__EXERCISE__: Using the listing below, copy exactly each line from the one that has "Release the edge" through the one that has "A woman stands"; omit the pictures.

---------- DATA PROVIDED ----------

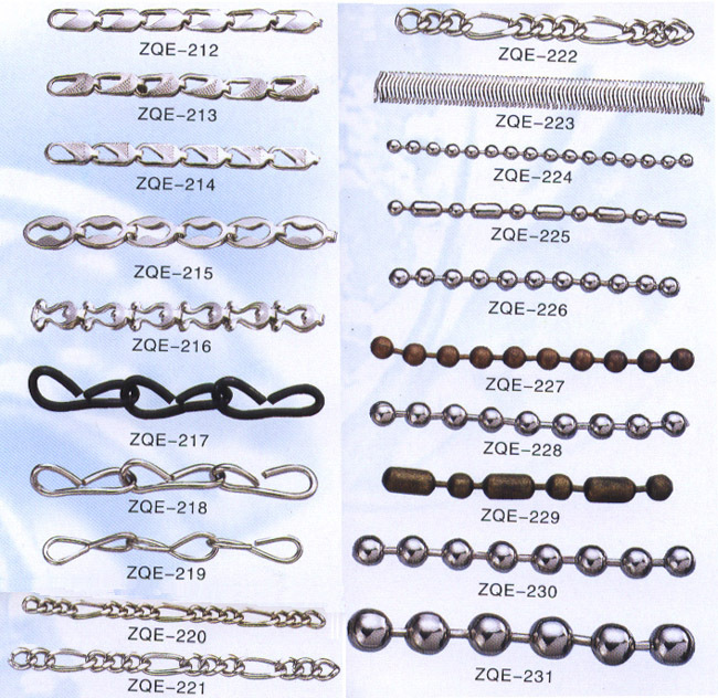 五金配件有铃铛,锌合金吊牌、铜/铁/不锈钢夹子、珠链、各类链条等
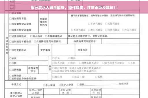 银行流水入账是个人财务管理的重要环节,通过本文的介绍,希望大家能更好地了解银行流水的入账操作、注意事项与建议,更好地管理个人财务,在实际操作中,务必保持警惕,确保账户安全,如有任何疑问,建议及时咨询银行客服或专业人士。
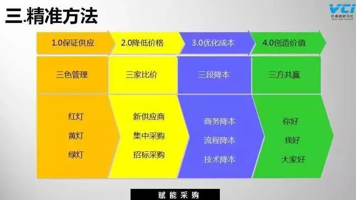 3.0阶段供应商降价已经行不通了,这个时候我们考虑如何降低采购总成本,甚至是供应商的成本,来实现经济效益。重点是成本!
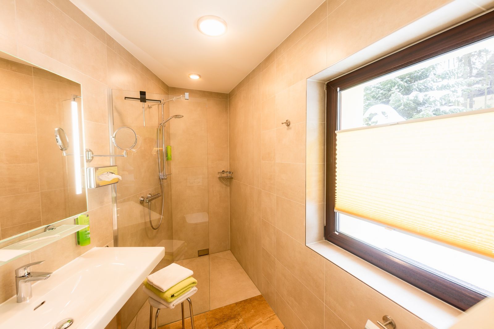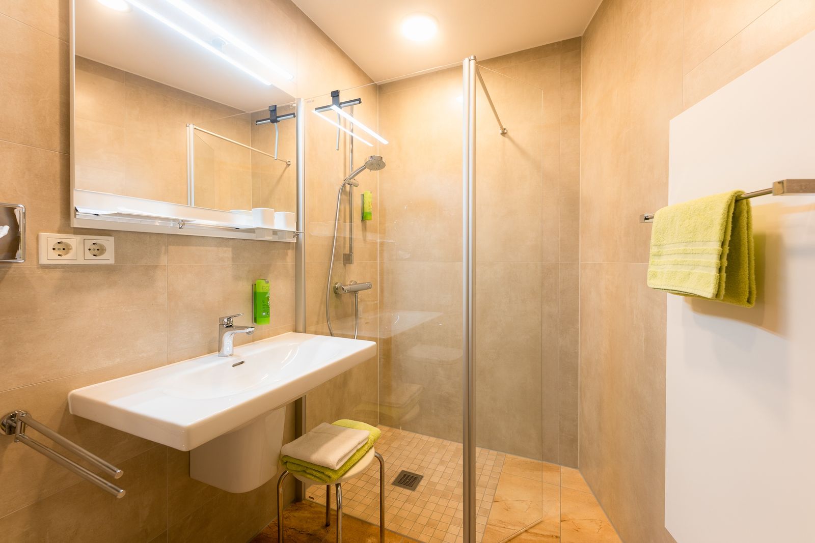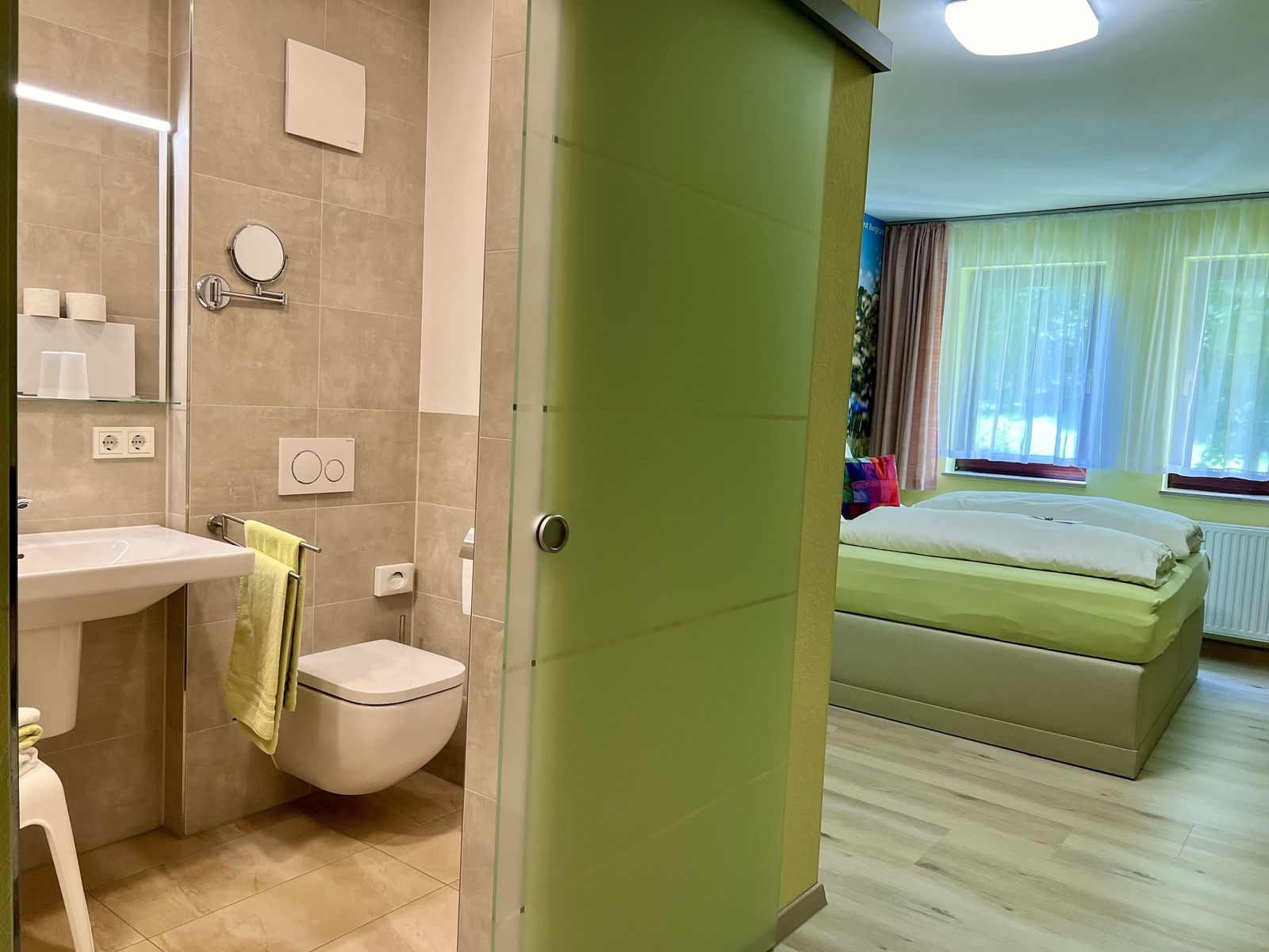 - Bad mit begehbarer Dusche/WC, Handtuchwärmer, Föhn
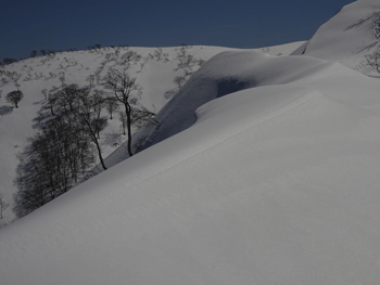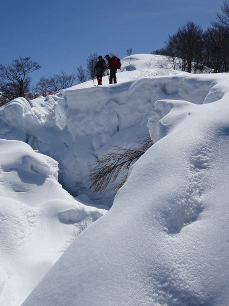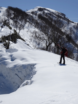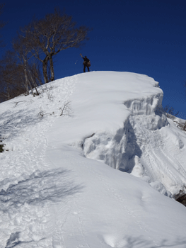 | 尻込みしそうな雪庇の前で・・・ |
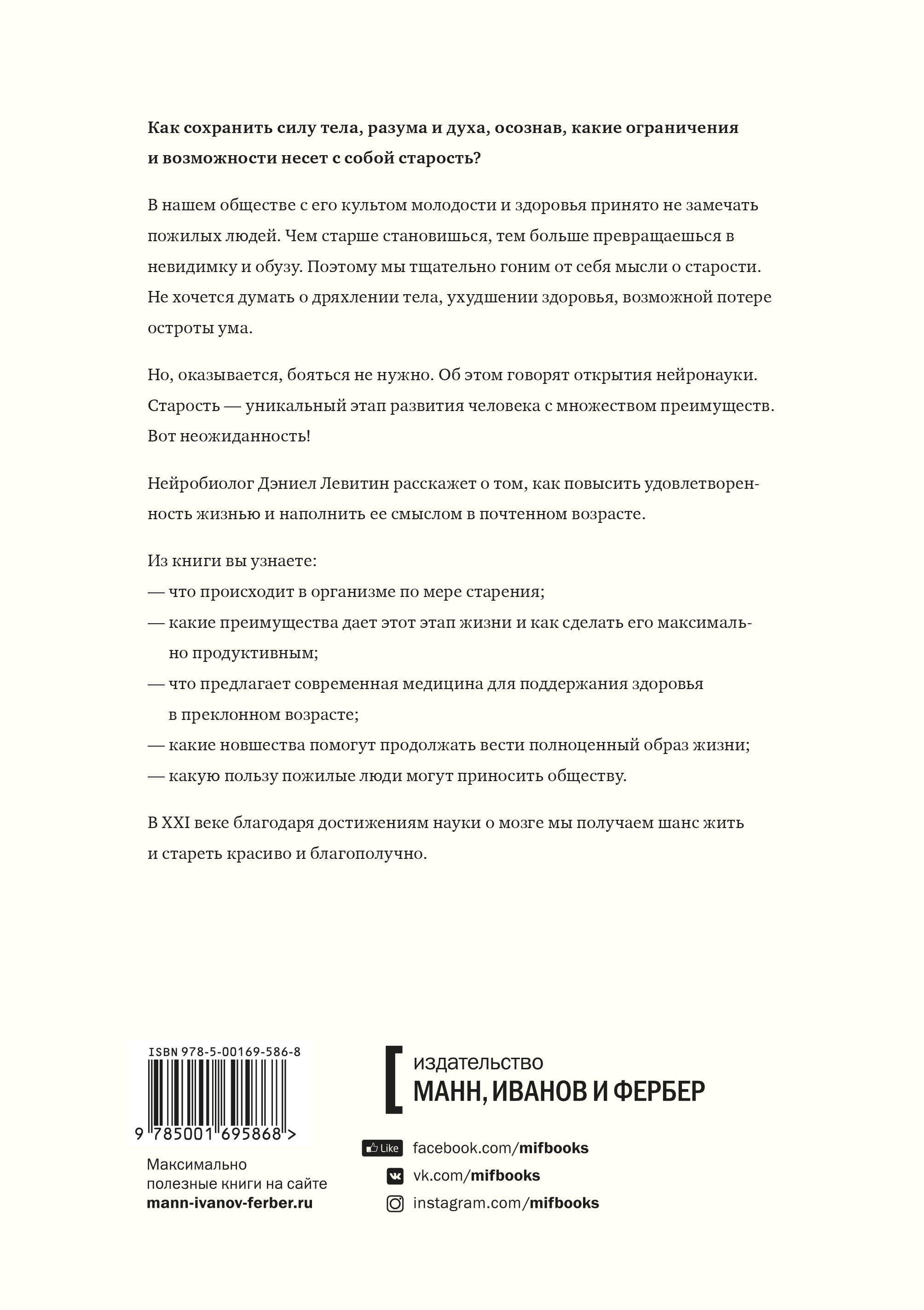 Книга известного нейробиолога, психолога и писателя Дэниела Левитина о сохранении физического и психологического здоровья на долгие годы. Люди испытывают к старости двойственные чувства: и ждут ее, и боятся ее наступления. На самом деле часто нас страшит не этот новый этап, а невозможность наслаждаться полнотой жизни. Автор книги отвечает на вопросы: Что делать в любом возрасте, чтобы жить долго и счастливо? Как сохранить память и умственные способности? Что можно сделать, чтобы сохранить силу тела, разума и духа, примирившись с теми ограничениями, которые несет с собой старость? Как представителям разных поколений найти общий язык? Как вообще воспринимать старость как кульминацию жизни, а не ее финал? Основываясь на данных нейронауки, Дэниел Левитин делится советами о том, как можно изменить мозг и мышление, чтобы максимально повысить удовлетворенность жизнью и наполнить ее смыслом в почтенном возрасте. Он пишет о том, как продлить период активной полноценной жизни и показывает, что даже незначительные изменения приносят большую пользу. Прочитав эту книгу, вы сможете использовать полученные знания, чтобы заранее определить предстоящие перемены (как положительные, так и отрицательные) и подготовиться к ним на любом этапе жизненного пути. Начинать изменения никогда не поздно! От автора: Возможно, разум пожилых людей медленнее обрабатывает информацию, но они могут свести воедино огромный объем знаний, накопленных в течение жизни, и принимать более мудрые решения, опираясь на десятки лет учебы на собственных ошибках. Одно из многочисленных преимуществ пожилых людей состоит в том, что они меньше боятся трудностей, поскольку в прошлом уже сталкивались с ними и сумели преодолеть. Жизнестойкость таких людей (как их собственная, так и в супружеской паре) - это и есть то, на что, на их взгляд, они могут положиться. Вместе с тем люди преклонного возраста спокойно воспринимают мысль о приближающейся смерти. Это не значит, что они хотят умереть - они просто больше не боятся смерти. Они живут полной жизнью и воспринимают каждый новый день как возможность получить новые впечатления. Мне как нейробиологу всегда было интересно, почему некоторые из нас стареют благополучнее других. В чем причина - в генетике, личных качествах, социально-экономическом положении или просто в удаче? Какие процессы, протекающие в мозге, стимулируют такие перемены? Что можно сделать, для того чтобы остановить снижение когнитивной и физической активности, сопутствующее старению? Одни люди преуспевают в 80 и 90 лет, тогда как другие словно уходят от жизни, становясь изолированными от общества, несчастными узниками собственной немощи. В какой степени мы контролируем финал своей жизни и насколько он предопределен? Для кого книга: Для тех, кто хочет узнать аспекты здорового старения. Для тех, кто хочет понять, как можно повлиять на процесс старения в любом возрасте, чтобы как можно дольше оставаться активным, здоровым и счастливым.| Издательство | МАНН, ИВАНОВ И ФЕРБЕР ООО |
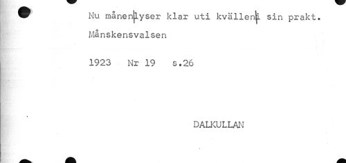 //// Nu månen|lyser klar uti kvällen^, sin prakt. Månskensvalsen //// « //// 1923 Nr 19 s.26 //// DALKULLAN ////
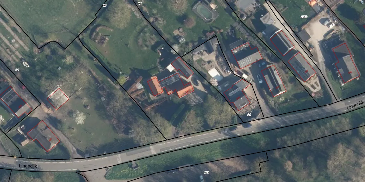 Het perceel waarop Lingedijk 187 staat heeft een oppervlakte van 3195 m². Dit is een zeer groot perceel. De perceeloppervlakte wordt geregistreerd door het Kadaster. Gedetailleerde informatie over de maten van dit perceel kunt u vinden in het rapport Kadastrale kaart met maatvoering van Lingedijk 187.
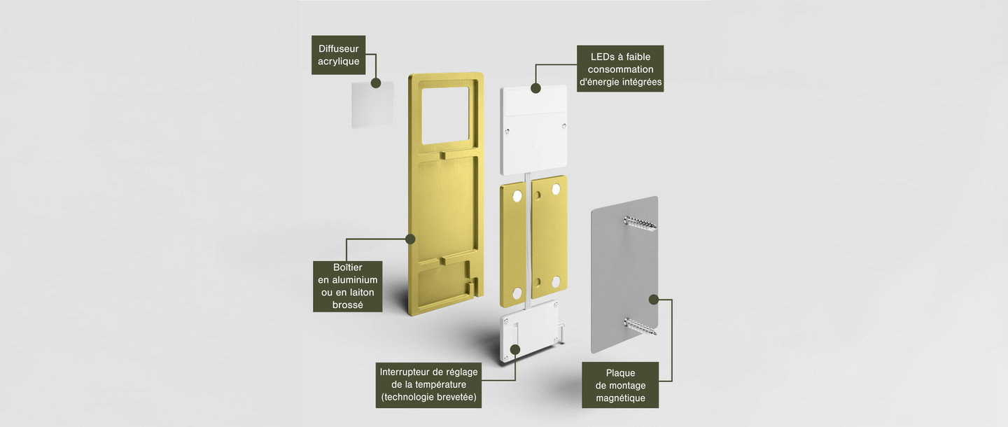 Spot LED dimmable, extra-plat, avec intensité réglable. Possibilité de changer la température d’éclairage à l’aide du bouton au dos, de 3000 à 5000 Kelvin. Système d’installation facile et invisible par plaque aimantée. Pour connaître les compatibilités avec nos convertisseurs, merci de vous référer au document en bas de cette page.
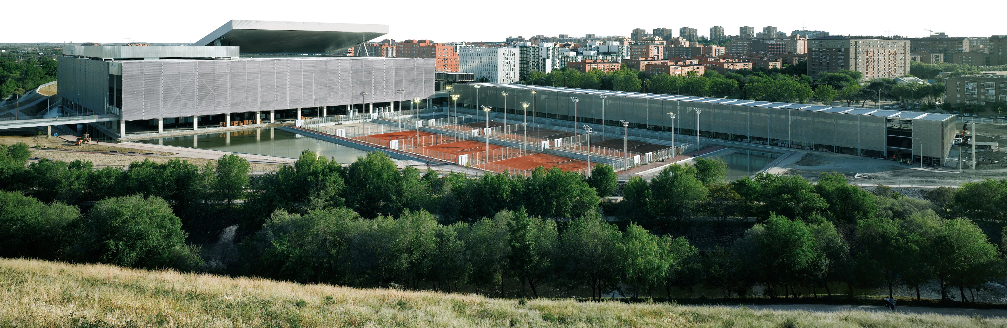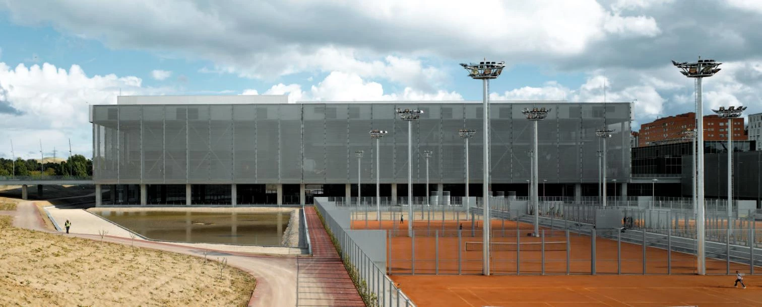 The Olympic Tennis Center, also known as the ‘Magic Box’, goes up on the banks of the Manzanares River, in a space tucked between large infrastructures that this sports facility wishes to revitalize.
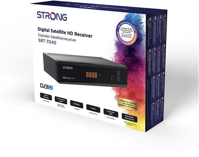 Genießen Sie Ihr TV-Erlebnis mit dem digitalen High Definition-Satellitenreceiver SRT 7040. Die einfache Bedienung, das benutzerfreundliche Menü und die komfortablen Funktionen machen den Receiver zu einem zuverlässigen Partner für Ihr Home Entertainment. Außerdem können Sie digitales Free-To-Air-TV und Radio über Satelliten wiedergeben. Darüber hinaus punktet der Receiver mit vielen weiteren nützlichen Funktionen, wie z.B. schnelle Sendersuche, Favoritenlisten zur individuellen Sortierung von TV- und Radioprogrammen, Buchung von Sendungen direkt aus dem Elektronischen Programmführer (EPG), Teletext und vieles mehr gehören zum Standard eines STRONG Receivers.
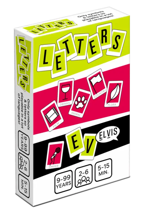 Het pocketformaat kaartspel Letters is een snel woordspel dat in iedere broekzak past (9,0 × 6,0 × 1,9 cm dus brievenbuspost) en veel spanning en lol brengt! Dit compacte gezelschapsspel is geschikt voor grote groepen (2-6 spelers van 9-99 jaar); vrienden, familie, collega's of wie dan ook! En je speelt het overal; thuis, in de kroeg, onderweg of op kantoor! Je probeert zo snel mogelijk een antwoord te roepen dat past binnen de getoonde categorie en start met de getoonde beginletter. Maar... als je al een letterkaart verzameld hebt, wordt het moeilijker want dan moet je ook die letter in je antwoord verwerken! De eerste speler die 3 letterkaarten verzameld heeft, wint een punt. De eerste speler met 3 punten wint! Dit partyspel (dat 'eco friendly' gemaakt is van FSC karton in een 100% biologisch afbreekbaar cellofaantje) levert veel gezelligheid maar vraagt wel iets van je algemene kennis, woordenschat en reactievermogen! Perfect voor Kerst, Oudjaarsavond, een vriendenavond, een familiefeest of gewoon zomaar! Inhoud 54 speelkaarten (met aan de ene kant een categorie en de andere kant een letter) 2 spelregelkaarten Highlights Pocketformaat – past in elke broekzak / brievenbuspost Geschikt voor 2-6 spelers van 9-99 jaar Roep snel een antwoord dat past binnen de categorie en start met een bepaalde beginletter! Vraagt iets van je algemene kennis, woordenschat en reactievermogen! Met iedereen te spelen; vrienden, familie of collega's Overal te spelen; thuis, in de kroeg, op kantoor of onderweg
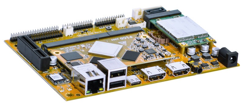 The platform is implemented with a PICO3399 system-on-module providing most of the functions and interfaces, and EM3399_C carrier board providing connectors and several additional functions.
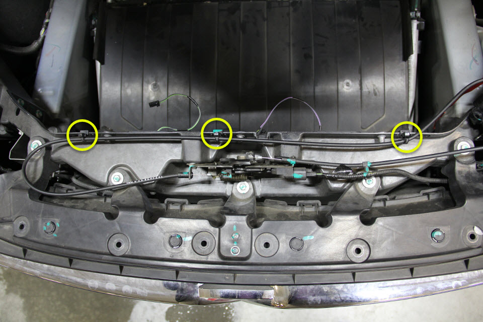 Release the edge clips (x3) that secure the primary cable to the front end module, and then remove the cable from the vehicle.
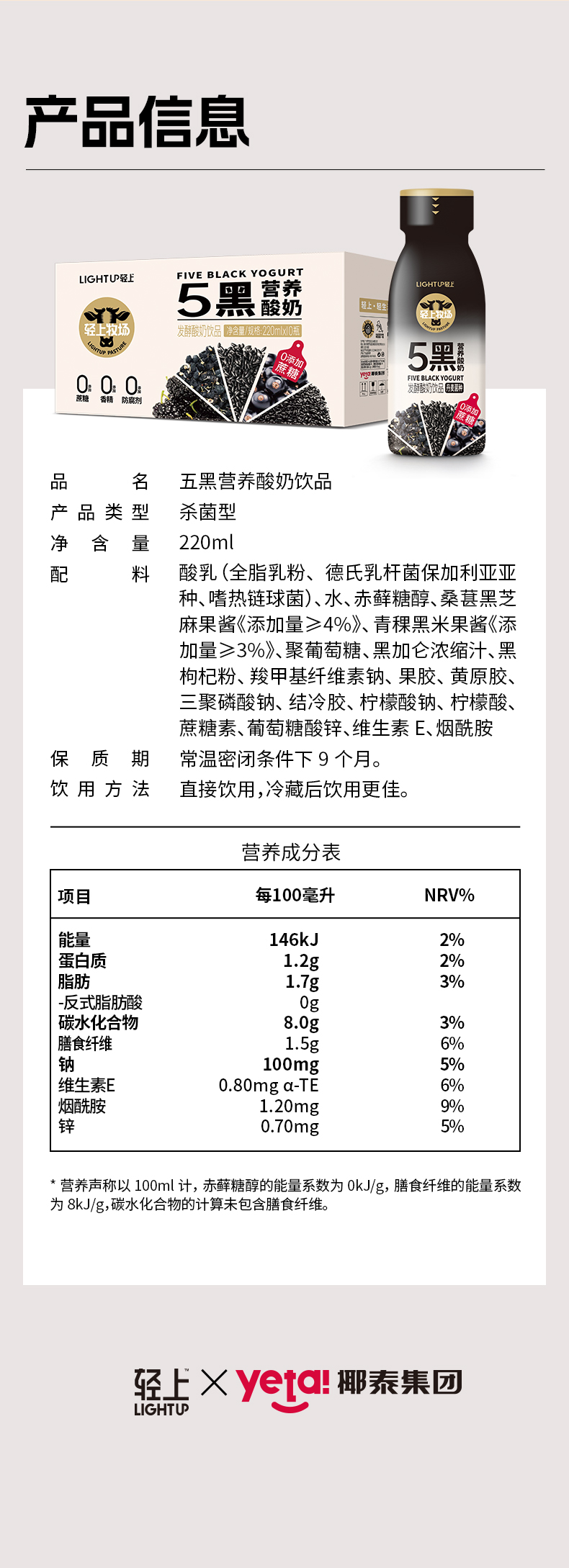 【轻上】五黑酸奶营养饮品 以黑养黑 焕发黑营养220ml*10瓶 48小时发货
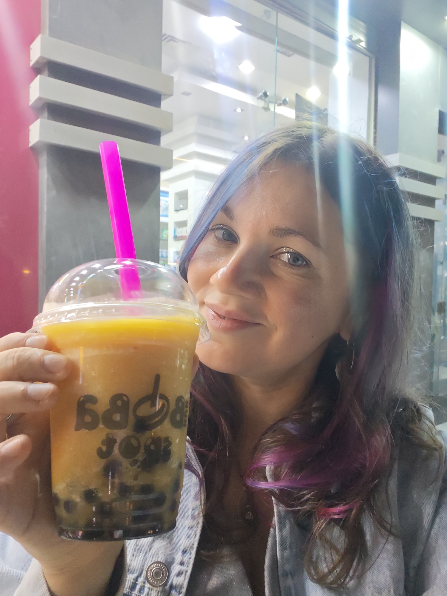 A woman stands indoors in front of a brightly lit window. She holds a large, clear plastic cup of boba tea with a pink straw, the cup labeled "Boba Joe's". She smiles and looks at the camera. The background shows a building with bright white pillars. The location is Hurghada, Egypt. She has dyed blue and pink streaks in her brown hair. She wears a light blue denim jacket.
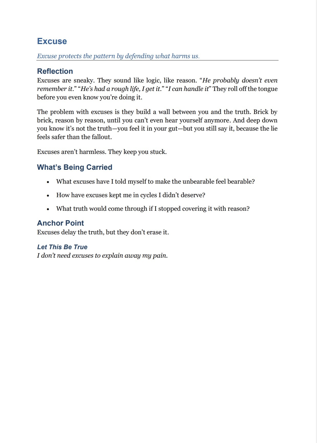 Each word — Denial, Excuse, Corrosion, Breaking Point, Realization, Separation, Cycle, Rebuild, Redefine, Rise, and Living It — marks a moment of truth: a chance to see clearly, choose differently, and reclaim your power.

----------

__ANSWER SECTION__:
 Release the edge clips (x3) that secure the primary cable to the front end module, and then remove the cable from the vehicle.
 【轻上】五黑酸奶营养饮品 以黑养黑 焕发黑营养220ml*10瓶 48小时发货
 A woman stands indoors in front of a brightly lit window. She holds a large, clear plastic cup of boba tea with a pink straw, the cup labeled "Boba Joe's". She smiles and looks at the camera. The background shows a building with bright white pillars. The location is Hurghada, Egypt. She has dyed blue and pink streaks in her brown hair. She wears a light blue denim jacket.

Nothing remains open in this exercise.